Maymead Farm, also known as Maymead Stock Farm, is a historic farm in Johnson County, Tennessee, located two miles west of Mountain City.

Maymead Farm is one of Johnson County's oldest farms. The land was settled in the 18th century by the Wagner family, who received a land grant from King George II in 1747. Its name is derived from "May's Meadow", and was the name of a rail stop established on the farm when Norfolk and Western laid a railroad line through the area c. 1900.

At one time, livestock production was the main agricultural activity on the farm, but farming activity was later diversified to include crops such as corn and hay. As of 1989, Maymead produced corn, tobacco, and beef, and was one of the largest working farms in Tennessee.

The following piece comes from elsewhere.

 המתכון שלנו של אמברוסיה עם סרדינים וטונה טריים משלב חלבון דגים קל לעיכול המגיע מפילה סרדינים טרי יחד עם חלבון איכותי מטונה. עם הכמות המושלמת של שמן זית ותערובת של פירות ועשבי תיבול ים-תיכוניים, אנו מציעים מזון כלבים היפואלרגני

During the Great Depression the farm diversified into quarrying, initially because of a contract from the Agricultural Stabilization and Conservation Service to supply crushed lime for use on farms in southwestern Virginia, upper East Tennessee, and northwestern North Carolina. The owners continued quarrying limestone after the government contract ended, and later expanded from the production of agricultural lime to add production of rock aggregates for used on building roads and highways. The Maymead corporation now operates several quarries in Tennessee and North Carolina and includes asphalt production operations.

As of 2012, descendants of the original owners were still the primary owners of the farm. Maymead is recognized as a bicentennial farm and is said to be one of only a few U.S. farms that have been owned by the same family since colonial times.

The farm was listed on the National Register of Historic Places in 2012 as "an important example of the agricultural history of the region". The National Register listing includes about 1000 acre of land, 26 buildings, and a family cemetery that was established c. 1820. The two houses on the property (the Barton Roby Brown House, built in 1905, and Maywood, built in 1930) are examples of Colonial Revival architecture.